Menurut dia, itu menunjukan tren pemulihan ekonomi nasional yang semakin tumbuh menguat tatkala banyak negara dunia yang justru tengah berada di bawah bayang-bayang resesi.

“Di tengah tekanan inflasi global dan ancaman resesi, ekonomi Indonesia tumbuh impresif sebesar 5,44 persen pada triwulan II 2022. Ini menandakan tren pemulihan ekonomi Indonesia terus berlanjut dan semakin menguat,” ujar Menko Airlangga, Jumat (5/8/2022).

Airlangga membeberkan, sepanjang triwulan kedua tahun ini, kinerja perekonomian Indonesia mendapat keuntungan dari faktor domestik dan global.

“Secara global, gangguan rantai pasok dunia berdampak pada kenaikan harga komoditas unggulan Indonesia dan memberikan windfall terhadap kinerja ekspor,” sebut dia.

Sementara di tingkat domestik, ia menambahkan, pelonggaran mobilitas penduduk dan momen hari raya Idul Fitri mendorong ekspansi konsumsi masyarakat sekaligus menjadi stimulus peningkatan suplai

“Dari sisi produksi, lapangan usaha yang memberikan kontribusi terbesar terhadap pertumbuhan ekonomi Indonesia adalah industri pengolahan, transportasi dan pergudangan, dan perdagangan,” imbuhnya.

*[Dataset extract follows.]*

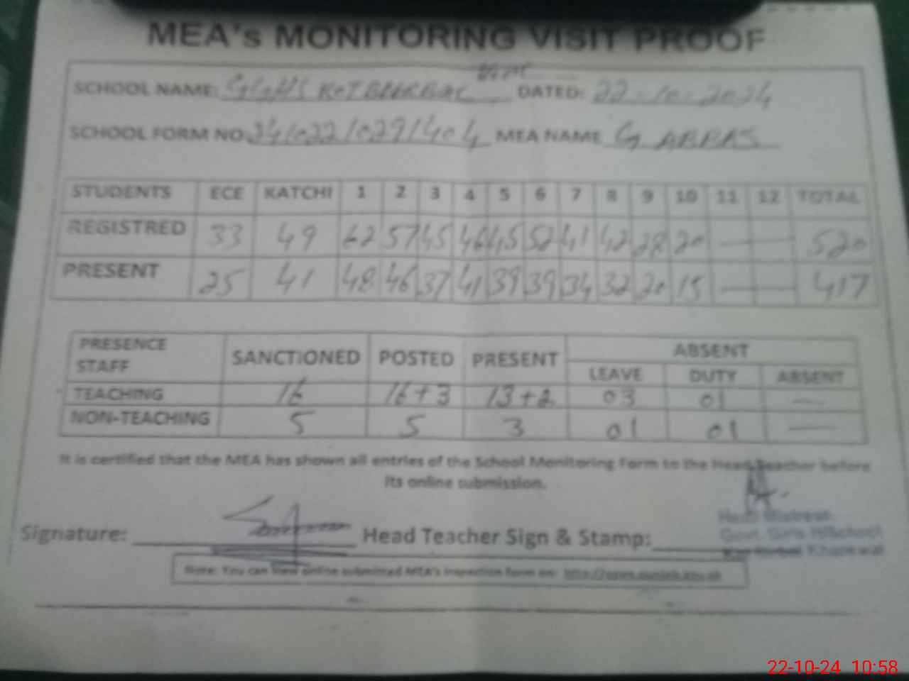 | Attendance Register | Head Teacher | MEA with School | Visit Proof |

Menurut catatan Badan Pusat Statistik (BPS), struktur perekonomian Indonesia secara spasial masih didominasi kelompok provinsi di Pulau Jawa. Sementara pertumbuhan tertinggi dicapai oleh kelompok provinsi di Pulau Maluku dan Papua, dengan sumber pertumbuhan utama dari lapangan usaha prrtambangan dan penggalian.

“Kebijakan subsidi dan bantuan sosial serta pengekangan suku bunga cukup efektif dalam mengendalikan inflasi domestik, menjaga daya beli masyarakat, dan menjaga kondisi dunia usaha tetap kondusif,” tutur Airlangga Hartarto.